• Problem
This exercise calls for the whole listing to be given again exactly, without images.

• Material provided
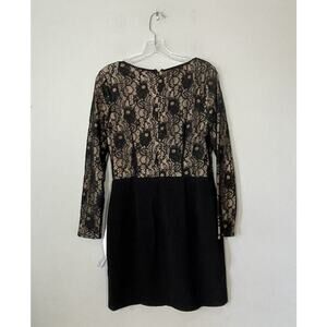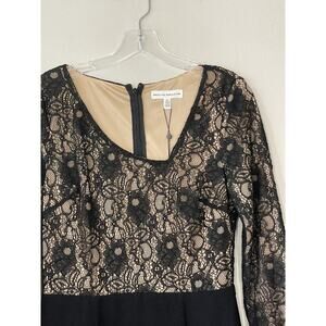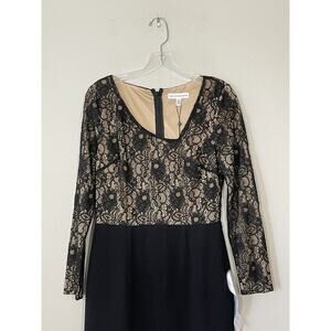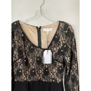 NEW Dress The Population Medium Black Nude Lace Mini Dress Long Sleeve Glam NWT
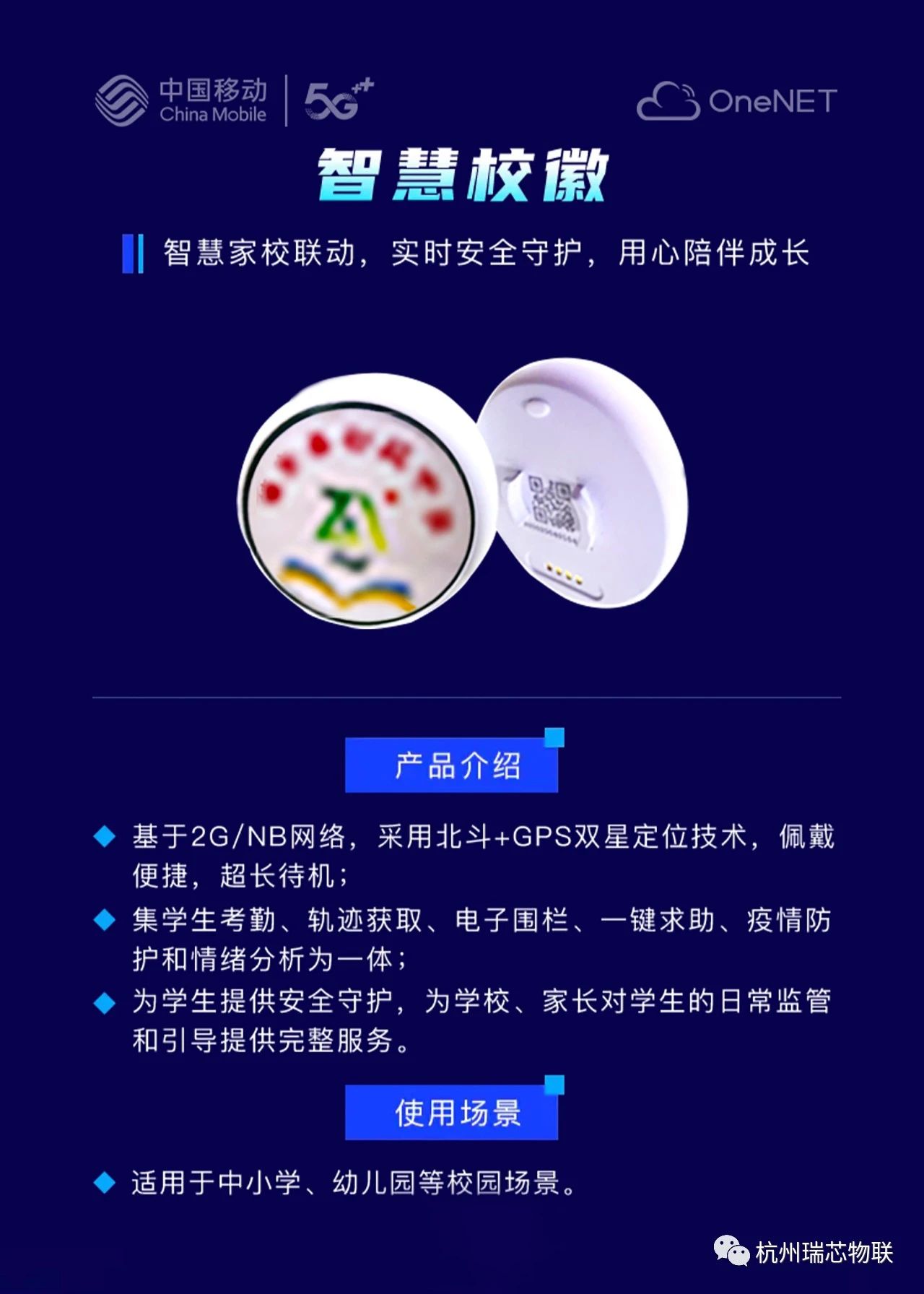 2、精準定位 我們的智能校徽采用北斗和GPS雙星定位,保證佩戴校徽時定位的精準度,家長能夠實時知道校徽佩戴者所在的位置,并也能準確地界定校方和家長在安全管理方面的責任。
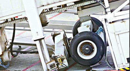 桃園國際機場航空站副主任張鐵源表示,經查是空橋支柱與輪子間銜接處斷裂,初步排除是維修保養(yǎng)不足釀禍,今將請空橋韓國原廠代理商到現(xiàn)場檢測,調查真正原因。
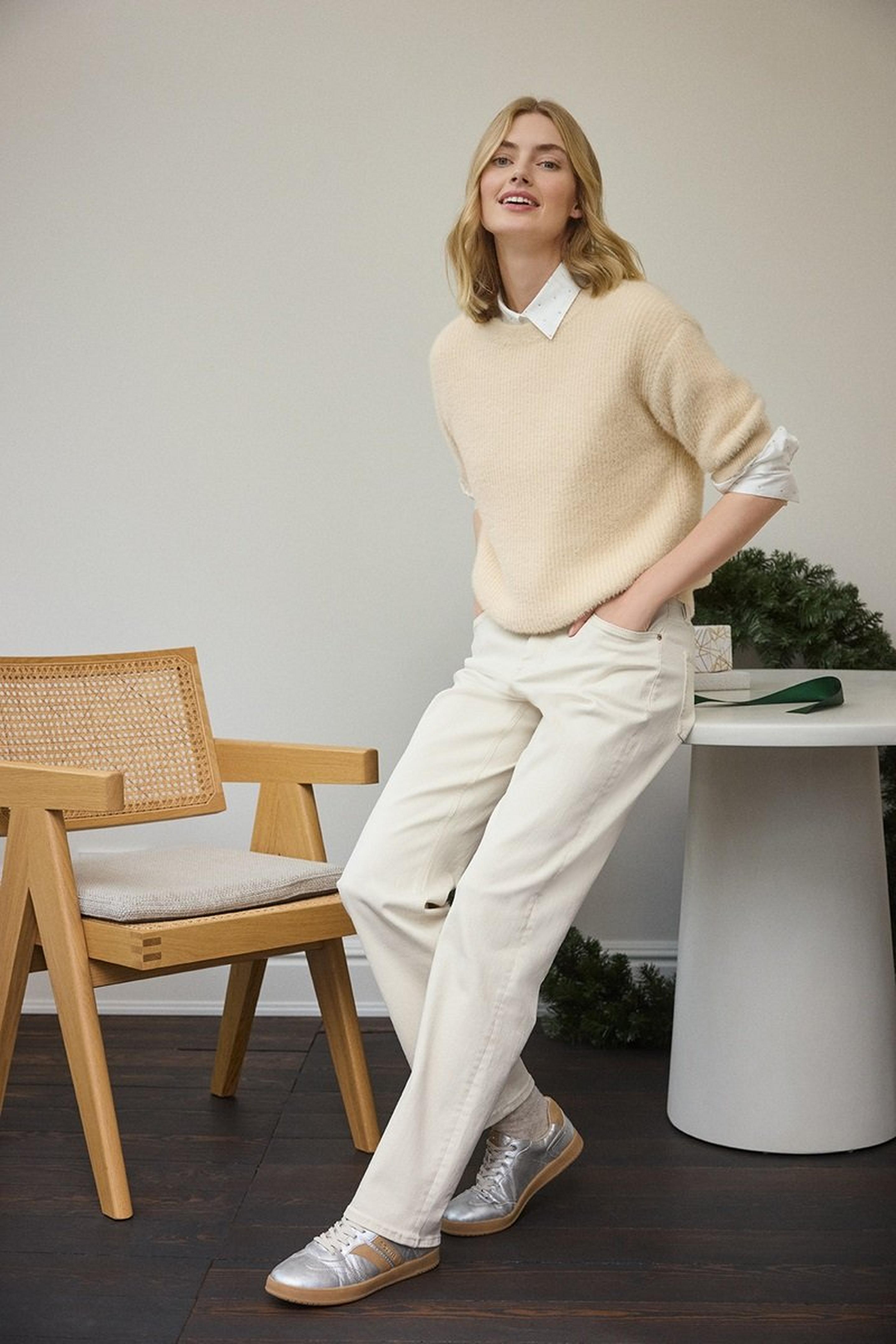 Glatte Stoffe treffen auf feinen Strick, Denim auf soften Jersey. Das verleiht reduzierten Looks Tiefe – ganz ohne Aufwand.

• Reply to the task
 NEW Dress The Population Medium Black Nude Lace Mini Dress Long Sleeve Glam NWT
 2、精準定位 我們的智能校徽采用北斗和GPS雙星定位,保證佩戴校徽時定位的精準度,家長能夠實時知道校徽佩戴者所在的位置,并也能準確地界定校方和家長在安全管理方面的責任。
 桃園國際機場航空站副主任張鐵源表示,經查是空橋支柱與輪子間銜接處斷裂,初步排除是維修保養(yǎng)不足釀禍,今將請空橋韓國原廠代理商到現(xiàn)場檢測,調查真正原因。
 Glatte Stoffe treffen auf feinen Strick, Denim auf soften Jersey. Das verleiht reduzierten Looks Tiefe – ganz ohne Aufwand.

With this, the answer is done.